[Collected data]
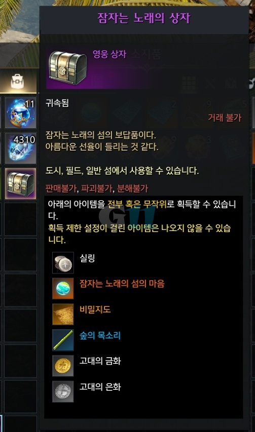잠자는 노래의 섬 퀘스트인 협동 퀘스트를 모두 완료하면 기여도에 따라 잠자는 노래의 상자를 획득할 수 있으며 이 상자를 열면 확률로 잠자는 노래의 섬의 마음, 잠자는 노래의 섬 모험물 비밀지도와 숲의 미뉴에트 퀘스트에 필요한 숲의 목소리를 획득할 수 있습니다. 대부분 비밀지도와 숲의 목소리를 얻기 위해 재방문하는 경우가 많으며 위 3개 아이템을 모두 얻었다면 졸업 가능합니다.
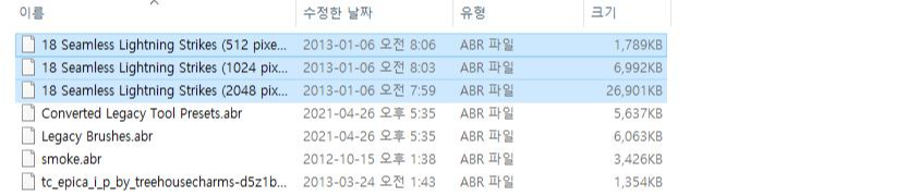 이렇게 파일을 폴더에 넣어두면 자동으로 브러시를 인식할 것 같지만, 브러시를 포토샵에서 추가하기 위해서는 별도의 작업을 해주어야 합니다.
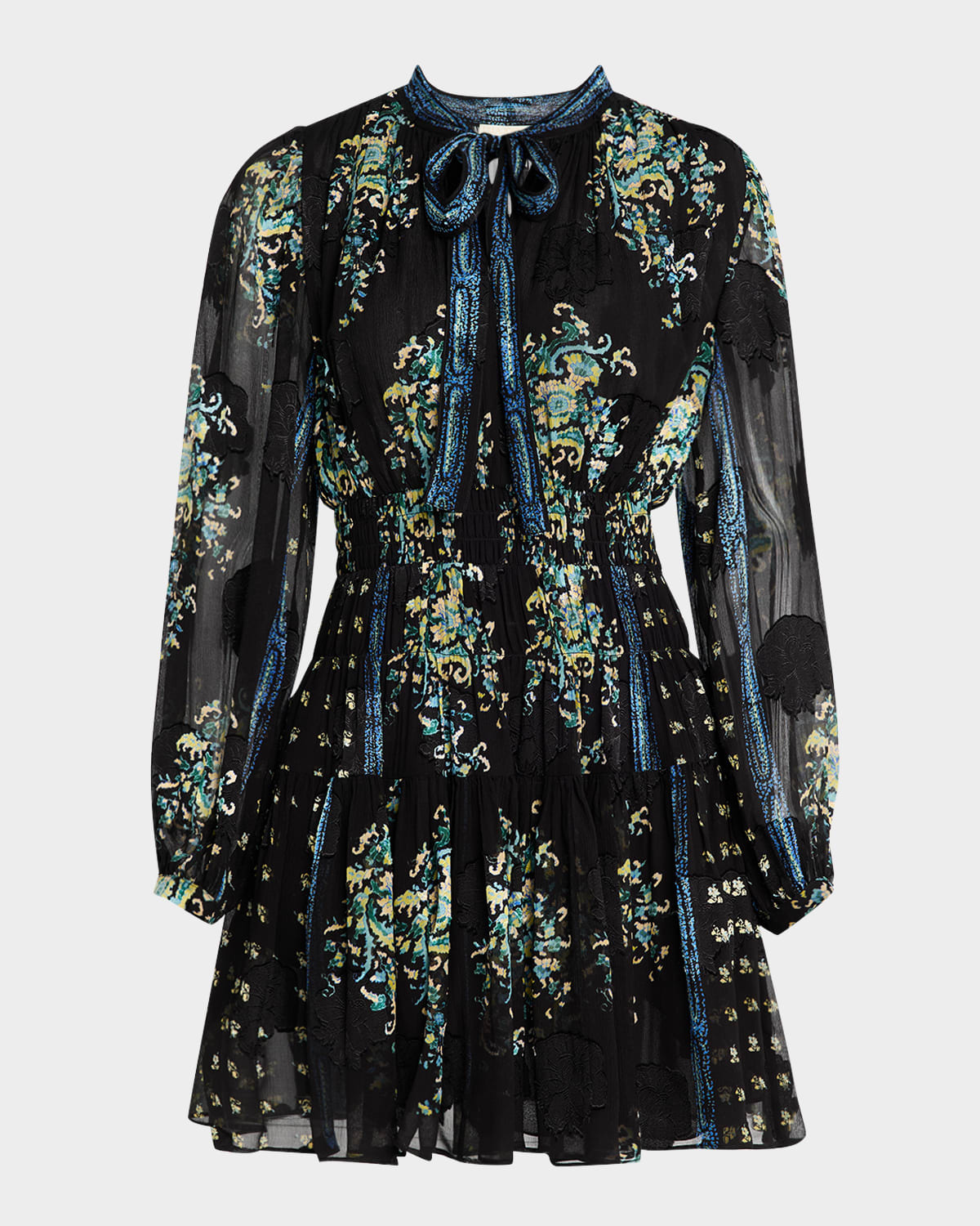 - Ulla Johnson "Maris" printed silk mini dress embellished with a self-tie neckline - Long sleeves with elastic cuffs - Smocked waist - A-line silhouette - Hem falls above the knee - Slipover style - Silk - Dry clean - Imported
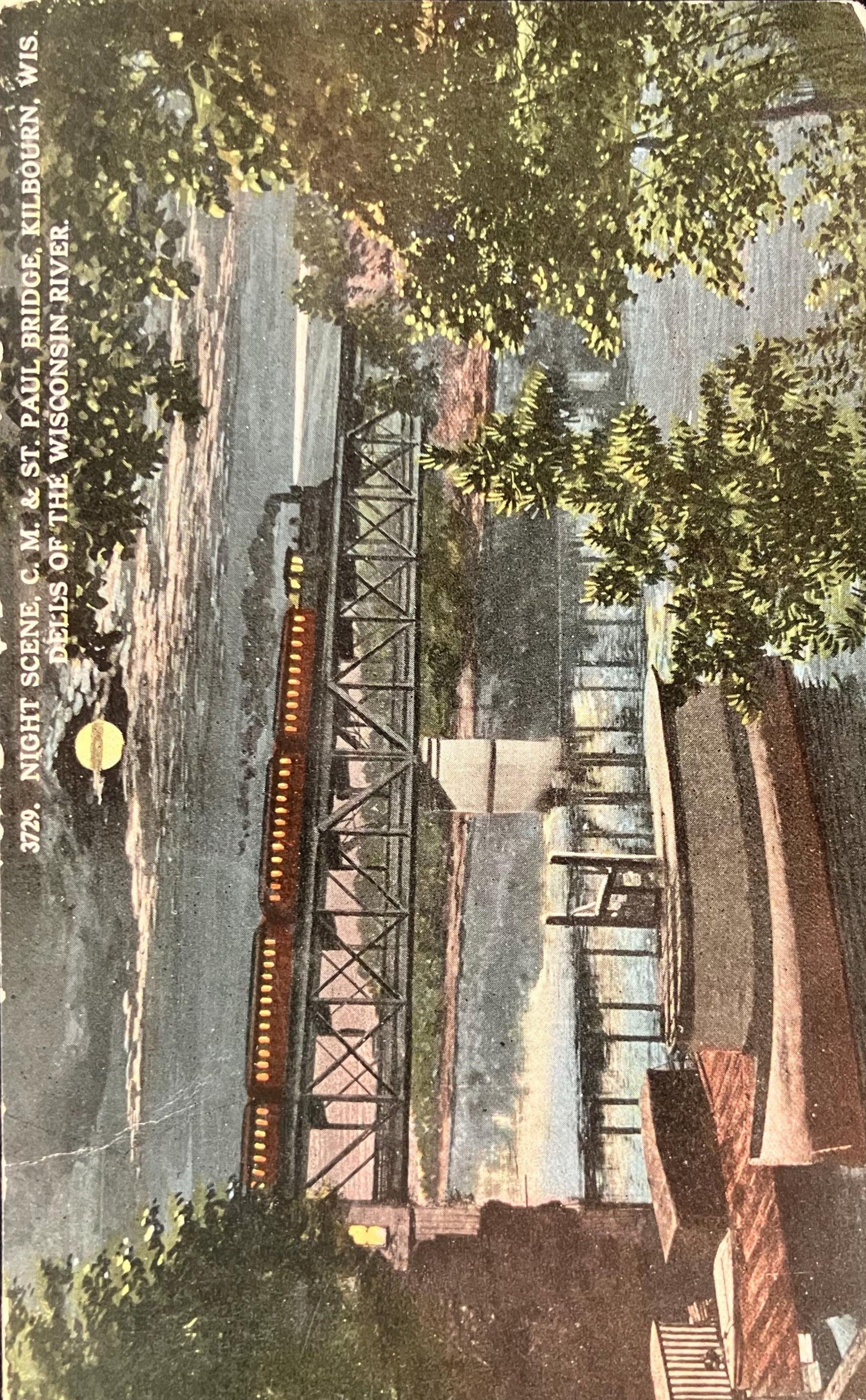 Front: Night Scne, C. M. & St. Paul Bridge, Kilbourn, Wis. Dells of the Wisconsin River.
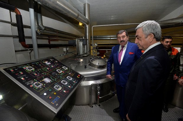 Президент Республики в сопровождении министра экономики, руководства завода и гостей совершил экскурсию по цехам нового завода, ознакомился с осуществлёнными на принадлежащем компании «А. и Т. Акобяны» пивном заводе «Дилижан» работами, реализованными инвестициями и созданными рабочими местами. Президенту доложили, что общая стоимость инвестиционной программы на заводе производительной мощностью 10 млн литров составила 2,5 млрд драмов. Завод, строительство которого началось в апреле 2013 года и завершилось в сентябре 2017 года, даёт продукцию с 15 августа текущего года.
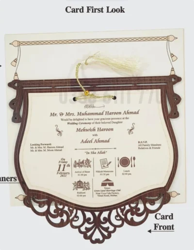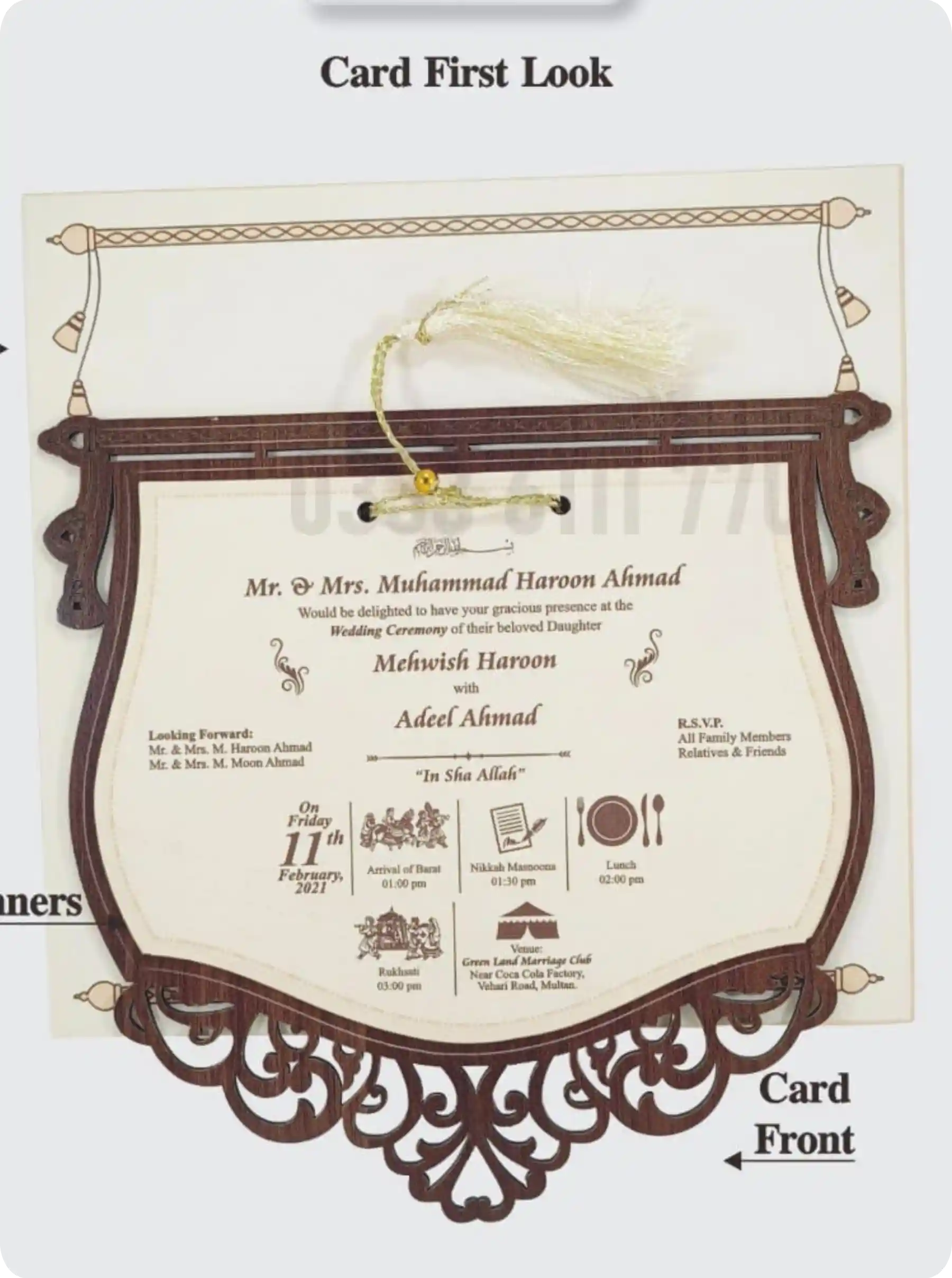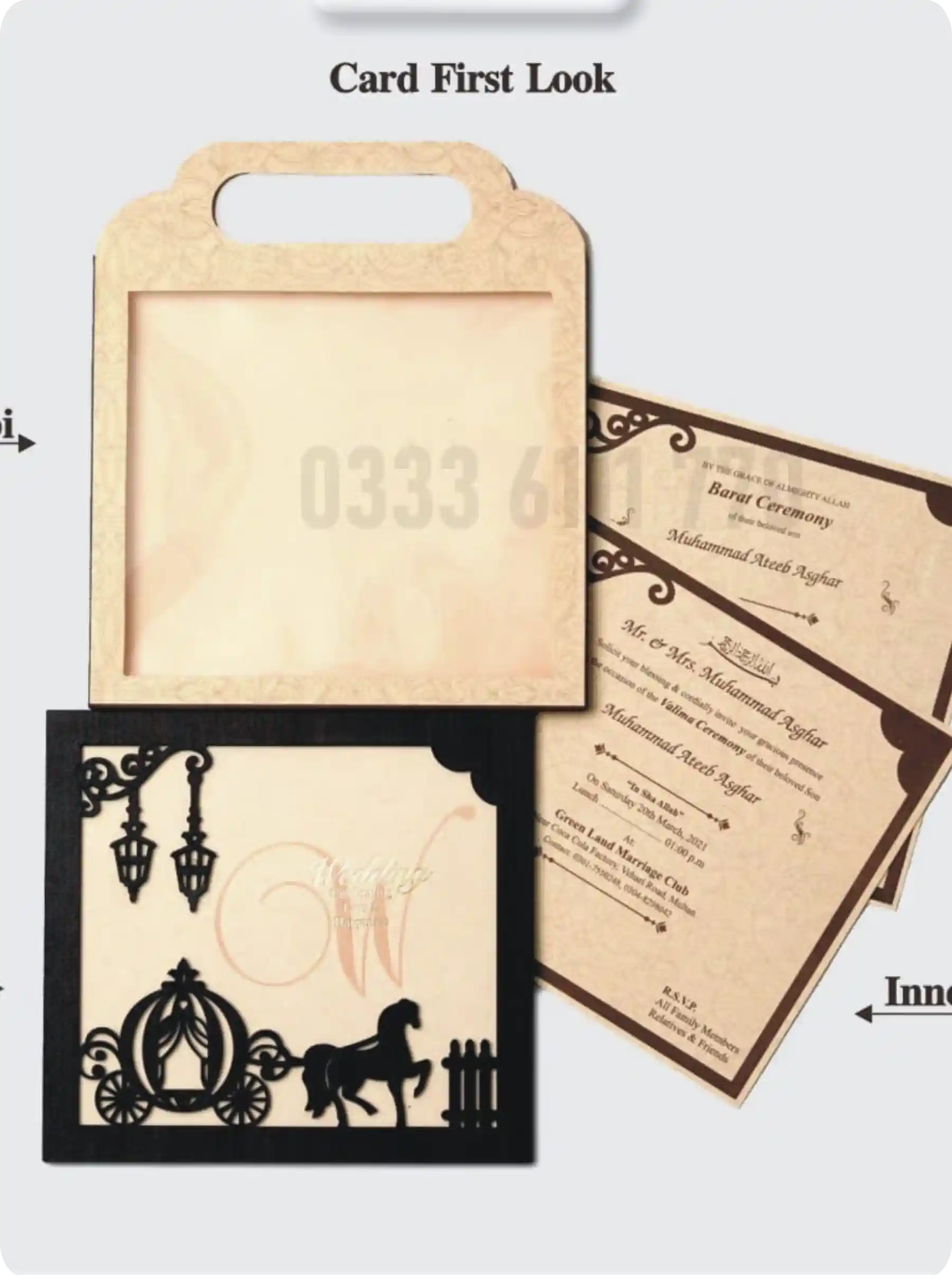 Laser Cut Wedding Cards Printing Services in Islamabad Pakistan & Rawalpindi City, Custom Laser Cut Wedding Card Online Print & Design Provider Company in Pakistan (PK) With Home Delivery Service By TCS & Bikea With Extra Delivery Charges, Best and High Quality Wooden Wedding Card Printing Service Available Online For Wedding, Barat, Walima & Mehndi, Contact on Whatsapp and Get Free Design with Every Wedding Card Order. Delivery Available For Karachi, Lahore, Quetta, Peshawar, Rawalpindi & Islamabad.

Problem statement
With the pictures left out, copy exactly the lines from the line holding "Президент Республики в" through the final line of the records, including both.

Result of this exercise
 Президент Республики в сопровождении министра экономики, руководства завода и гостей совершил экскурсию по цехам нового завода, ознакомился с осуществлёнными на принадлежащем компании «А. и Т. Акобяны» пивном заводе «Дилижан» работами, реализованными инвестициями и созданными рабочими местами. Президенту доложили, что общая стоимость инвестиционной программы на заводе производительной мощностью 10 млн литров составила 2,5 млрд драмов. Завод, строительство которого началось в апреле 2013 года и завершилось в сентябре 2017 года, даёт продукцию с 15 августа текущего года.
 Laser Cut Wedding Cards Printing Services in Islamabad Pakistan & Rawalpindi City, Custom Laser Cut Wedding Card Online Print & Design Provider Company in Pakistan (PK) With Home Delivery Service By TCS & Bikea With Extra Delivery Charges, Best and High Quality Wooden Wedding Card Printing Service Available Online For Wedding, Barat, Walima & Mehndi, Contact on Whatsapp and Get Free Design with Every Wedding Card Order. Delivery Available For Karachi, Lahore, Quetta, Peshawar, Rawalpindi & Islamabad.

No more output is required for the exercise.